Factions are not permanent either! If you have experience with factions in other MMO’s you’ll know that by doing quest and killing enemies of the faction you’ll get to be trusted and earn rewards. This is the basic mechanic of the factions and allows the player to move around to different factions if they decide to switch. All you have to do is kill enough of the right enemies and you’re on your way!

Fallen Earth‘s music fits well with its setting, in so much that it’s sparse and mostly forgettable. I say this because when thinking back to my time in the game, I remember most the desert’s sound effects– the wind blowing out of my speakers, and the lonely footfalls of my character stalking after his prey. It fit so well that when music did make its way to my ears it almost felt jarring or unnatural.

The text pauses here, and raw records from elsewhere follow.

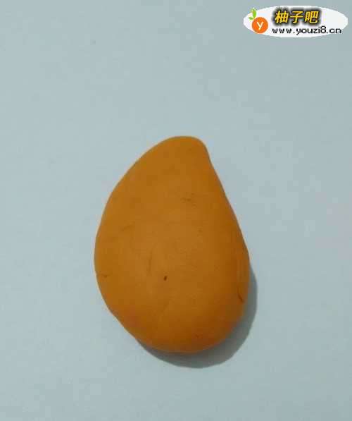 2先用桔色搓一个大大的水滴形状,当作芒果。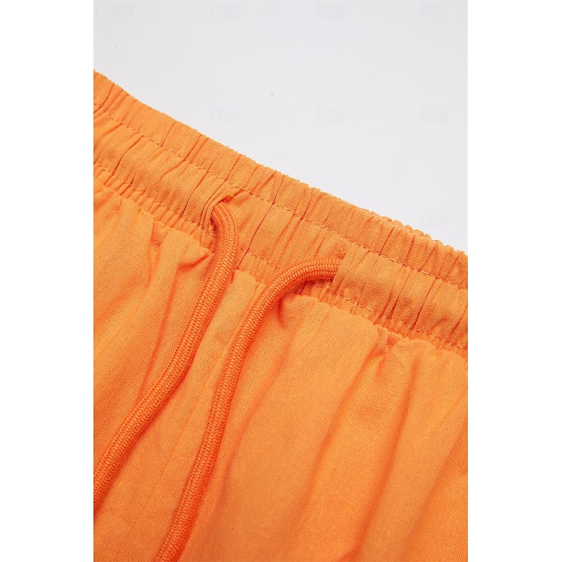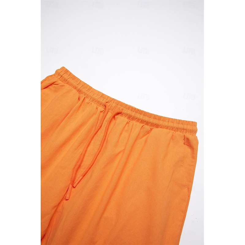 Women's Normal Cotton Linen Pants Chinos Casual Daily Knee Length Natural Solid Colored Pocket Drawstring Elastic Waist Breathability Comfortable Inelastic Vacation Casual Daily Navy-blue milk white 21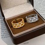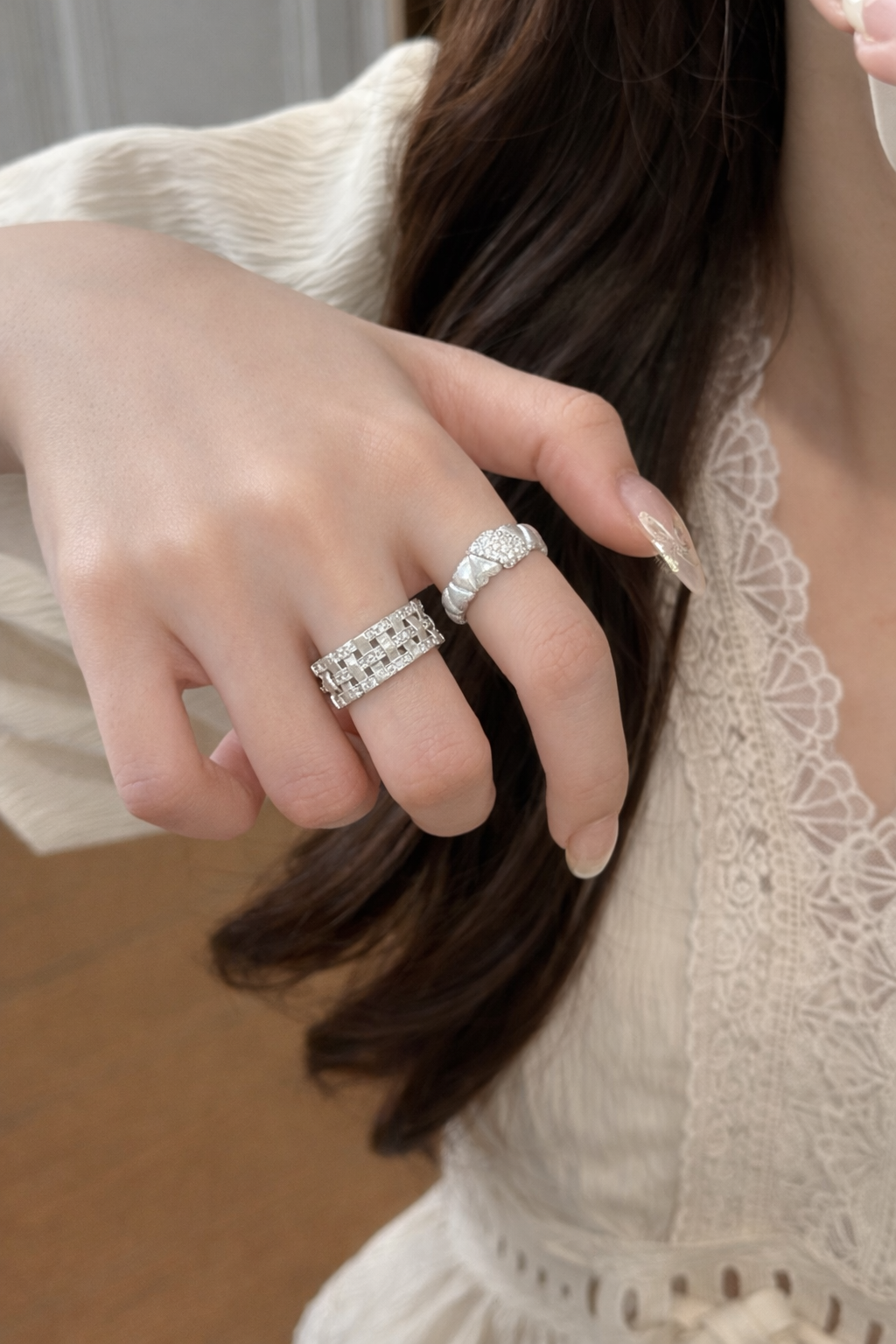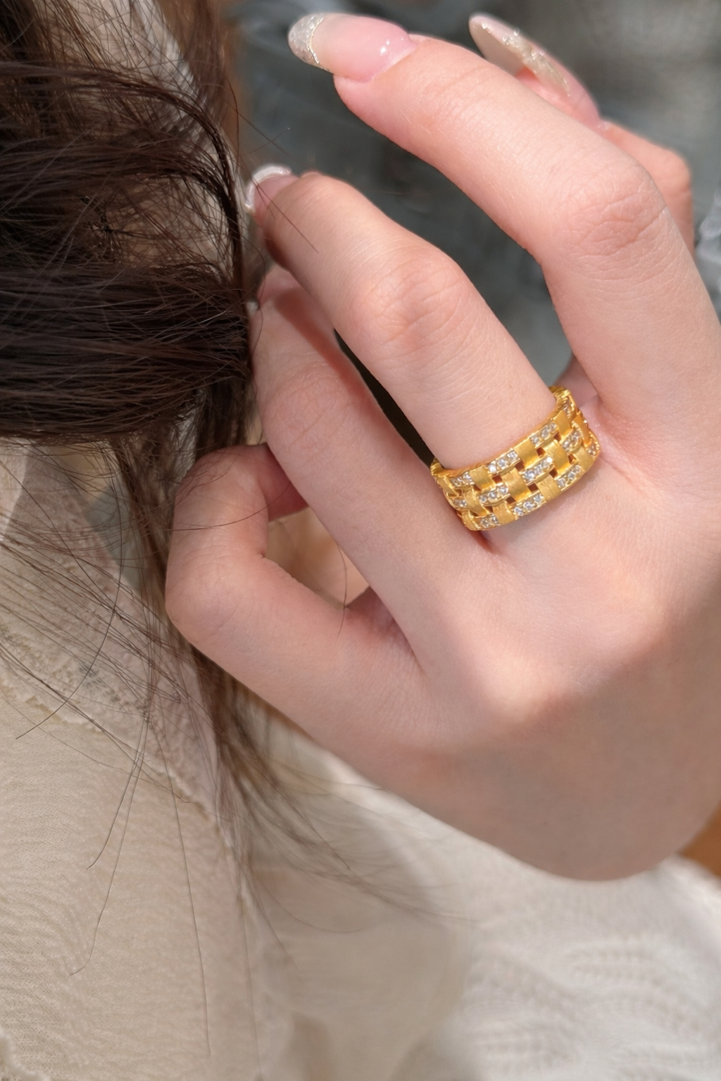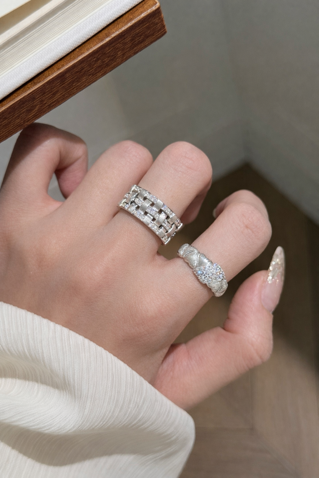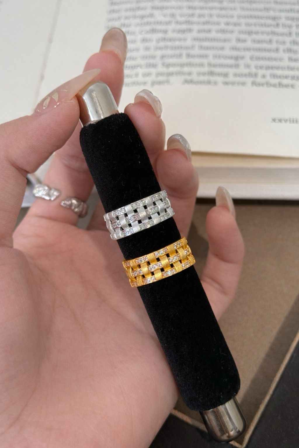 The Lattice Radiance Ring is inspired by architectural balance and refined craftsmanship. Featuring an interwoven lattice design accented with precision-set crystals, this ring represents connection, resilience, and enduring elegance.
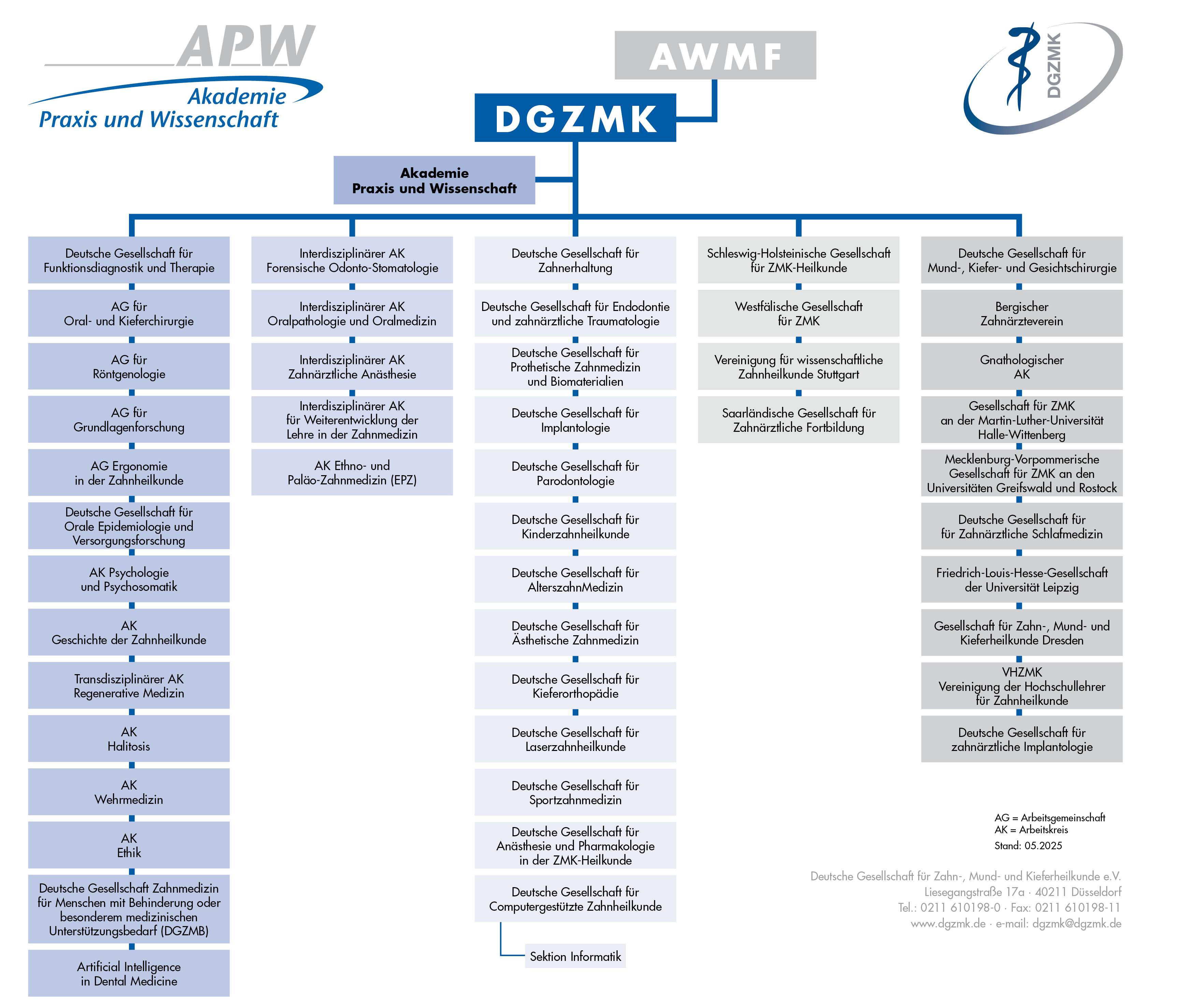 Die Deutsche Gesellschaft für Zahn-, Mund- und Kieferheilkunde (DGZMK) wurde im Jahr 1859 gegründet und zählt damit zu den ältesten medizinischen Vereinigungen in Deutschland. Heute versammeln sich unter dem Dach der DGZMK mehr als 22.000 zahnärztliche Mitglieder in 35 wissenschaftlichen Fachgesellschaften, Arbeitskreisen und Arbeitsgemeinschaften.

Graphically, the game has always rubbed me the wrong way. Running around towns has always been a treat because any building you see can be entered and explored. This comes to be very important since salvaging components for crafting has you entering builds and sifting through wreckage. It really makes you feel like you’re scrounging to survive and doesn’t take one word of lore to get you into the post-apocalyptic setting.

A vista of Fallen Earth

Once you exit the towns, though, the desert seems TOO barren. I had everything set to max but it still seemed that any terrain in the distance was a red, muddy blur. It actually just felt unfinished and stopped me from wanting to explore the world at all.

This brings up an interesting issue I have with Icarus Studios… they fix things too quickly! The above paragraph was true as of January 7th, and I’d completely made my mind up on Fallen Earth‘s environments being unsatisfactory, until Icarus released a patch that addressed the issue. Now the game feels much better when exploring the wastelands.

The game can be a bit overwhelming also. They’ve improved the way the birth of your player progresses with a new set of introductory quests.  Now the player is introduced to some of the basic mechanics of the game that help a huge amount in getting a grasp of things. This helped me a lot more with understanding the game compared to my first outing at launch. The devs have been working hard to improve the experience, to say the least.

Icarus Studios is quickly earning the reputation of working their ass of to improve and add to their game. Before the graphical update, they included social hubs for role players, and before that, they did a complete overhaul on the look of the female models of the game. Previously female models looked as if they’d had a long day at the office… of the streets.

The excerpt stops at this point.